それを、保育所の責任が重い と発言する少子化担当大臣って、どういう神経?保育所に責任は無いでしょう。せめて「チェック体制が二重化されていれば防げたかもしれない不幸な事故」ってところでしょう。
ここで事故処理を間違えると、影響は全国の保育所に及ぶことになり、ますます保育所関係者の負担が増すことになる。

そもそも日本人の場合、国内が安全なことから、子供が一人で登下校するケースがあると思いますが、児童が登校中に事故が起きた時、その責任に関してちゃんと考えている?。もし事故が起きたら?事故が起きてから責任をなすりつける相手を探しているんではないか?
児童だけでの登校、下校って、その間の安全責任はどこにあると考えますか?
もし、自家用車やスクールバスが使用される場合は、その運営者が責任を持たざるを得ないでしょう。では、子供だけで移動する場合は?集団登校中は、まあ、集団なので事故が起きた場合の目撃者は多く、事故を起こした人の特定は容易でしょう。登校中に誘拐が発生する確率は低い。しかし下校中は?登校時と違って下校は基本バラバラじゃないでしょうか。こういうところで、事故や誘拐が起きた場合、保護者はどう感じるのでしょう?

人間は常に間違いを犯すし、学んでも学んでもミスはゼロにはならない。特に、自分が体験したことが無い可能性に関しては人は盲目、考えもしない。他人の経験を自分の生活に反映させることができない。
責任の所在を明確に定義することは出来ても、人が関わる限り不慮の事故は無くならない。

児童通学時の責任を明確にするには、100% スクールバスか保護者による送迎にするしかありません。ただし、大きな社会的コストとリソースが必要となり、それで児童の命が100%守られるわけでもない。事故が起きた時、責める相手が明確になるだけ。

責任論ではなく、どうすれば車内放置された児童の命を守るか?と考えるならば、社会システムを新しくするしかありません。ここら辺が、コンピュータのシステム管理やプログラミングと同じ。

例えば、

  • 対象年齢の子供が乗っている車には、走行中、停車中にかかわらず、必ず何か目印となる大きなステッカーを貼り付けることを義務とする。ステッカーは子供に対して発行される。
  • 子供が車内にいるにもかかわらず、ステッカーが無い場合は即違反となる。
  • ステッカーが貼りつけられた状態で、子供を車内に残す場合は、窓を全開にする義務がある。
  • ステッカーが貼られたまま、窓が閉じられた状態で駐車中の車を発見者した場合、発見者には通報義務が発生する。
  • スクールバスには、停車中に車内の気温が連続10分以上35℃を越えた場合に、大音量のブザーが鳴る装置を設置する義務を課す。

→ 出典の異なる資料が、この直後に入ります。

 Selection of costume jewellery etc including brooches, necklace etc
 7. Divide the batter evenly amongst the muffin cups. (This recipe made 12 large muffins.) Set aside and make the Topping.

装置は、車体バッテリーからの電源で自動で電源Onとなり、電源をオフにするためにはバス最後部で手動スイッチをOffにするしか手段しかない仕様にする。
  • スクールバスは、座席の背もたれをクッション性がない透明なシートまたはネットにする。(後ろの方まで見えるかな?)
  • 指定した期間スクールバスは、児童が乗車する車は駐車中、窓または天井を閉められない構造であることにする。トゥクトゥクのようなオープン構造。雨の日や寒い日はどうするの?横転や衝突した場合の安全性は?というマイナス面もありますが、熱中症で亡くなることは避けられそう。
    社内置き去り対策と走行時の安全性のどちらを優先させるか?ってことになります。

というような発想。

上記は一例で、デメリットや逆に安全性を犠牲にする部分もありますが、何を優先させたいのか?でやりかたが異なってきます。

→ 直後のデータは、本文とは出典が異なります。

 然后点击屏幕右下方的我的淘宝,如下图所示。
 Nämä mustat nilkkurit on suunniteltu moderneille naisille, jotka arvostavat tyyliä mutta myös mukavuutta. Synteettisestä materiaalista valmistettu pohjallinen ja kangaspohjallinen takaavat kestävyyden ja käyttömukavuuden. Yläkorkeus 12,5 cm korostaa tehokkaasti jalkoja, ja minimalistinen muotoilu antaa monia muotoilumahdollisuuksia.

  • 子供の安全性のための社会コストを低く抑えて、今のまま、関係者の努力だけで実現する。
  • 子供は、仮に放置されても、短時間で死亡することがない設備の車にしか乗せられない法律をつくり、社会全体で見守る。
  • 放置事故を(無くすことは無理だけど)減らせそうな装置を導入して、対象車両に取り付けることを義務にする。

結局のところ飲酒運転撲滅のためのアクションと何ら変わらない。人が、これくらいでいいだろうと、自分に妥協し責任を放棄し続ける限り置き忘れ事故は無くならない。飲酒運転なら、すべての車両はキー+吐息の両方をクリアーしてで発進できるようになる というような仕組みにしない限り無くならないだろうし、置き忘れ事故も、車重計測機付きの駐車スペースや車体を標準にして、運転前後の車重の差が、駐車後にメールでスマートフォンに届いて、走行距離・燃費・重量差からアラートが発生するような連動装置を開発・販売、普及させないと無くならないでしょう。

そんなにコストを掛けられないよ。今のままでどおり、誰かが悪いってことで一件落着させようっていうのも一つの道。目の前で命が亡くならなきゃ、人は動こうとしない。